▶ **INSTRUCTIONS FOR THE TASK**
Copy the data exactly from the line that contains "- O momento" through the line that contains "高效散熱不僅需要加強扇葉,還需要散熱鰭片與熱導管來輔助散熱。耕升 GeForce RTX", keeping both end lines and leaving out everything else.

▶ **PROVIDED RECORDS**

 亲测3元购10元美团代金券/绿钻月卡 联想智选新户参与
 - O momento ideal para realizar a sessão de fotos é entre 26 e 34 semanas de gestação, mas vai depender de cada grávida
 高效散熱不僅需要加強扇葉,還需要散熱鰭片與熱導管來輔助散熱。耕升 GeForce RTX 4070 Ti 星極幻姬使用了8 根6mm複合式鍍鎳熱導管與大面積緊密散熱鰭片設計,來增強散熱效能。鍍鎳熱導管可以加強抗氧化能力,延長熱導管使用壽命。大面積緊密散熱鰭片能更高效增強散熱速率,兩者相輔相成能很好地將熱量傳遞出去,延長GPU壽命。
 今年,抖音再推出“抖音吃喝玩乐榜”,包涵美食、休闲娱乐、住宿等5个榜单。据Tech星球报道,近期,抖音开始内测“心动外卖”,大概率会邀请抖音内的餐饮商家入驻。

...

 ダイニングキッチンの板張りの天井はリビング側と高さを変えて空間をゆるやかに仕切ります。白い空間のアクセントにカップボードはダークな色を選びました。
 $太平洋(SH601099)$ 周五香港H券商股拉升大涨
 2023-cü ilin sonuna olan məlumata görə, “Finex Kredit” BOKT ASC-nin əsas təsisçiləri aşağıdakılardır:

▶ **SOLUTION TO THE EXERCISE**
 - O momento ideal para realizar a sessão de fotos é entre 26 e 34 semanas de gestação, mas vai depender de cada grávida
 高效散熱不僅需要加強扇葉,還需要散熱鰭片與熱導管來輔助散熱。耕升 GeForce RTX 4070 Ti 星極幻姬使用了8 根6mm複合式鍍鎳熱導管與大面積緊密散熱鰭片設計,來增強散熱效能。鍍鎳熱導管可以加強抗氧化能力,延長熱導管使用壽命。大面積緊密散熱鰭片能更高效增強散熱速率,兩者相輔相成能很好地將熱量傳遞出去,延長GPU壽命。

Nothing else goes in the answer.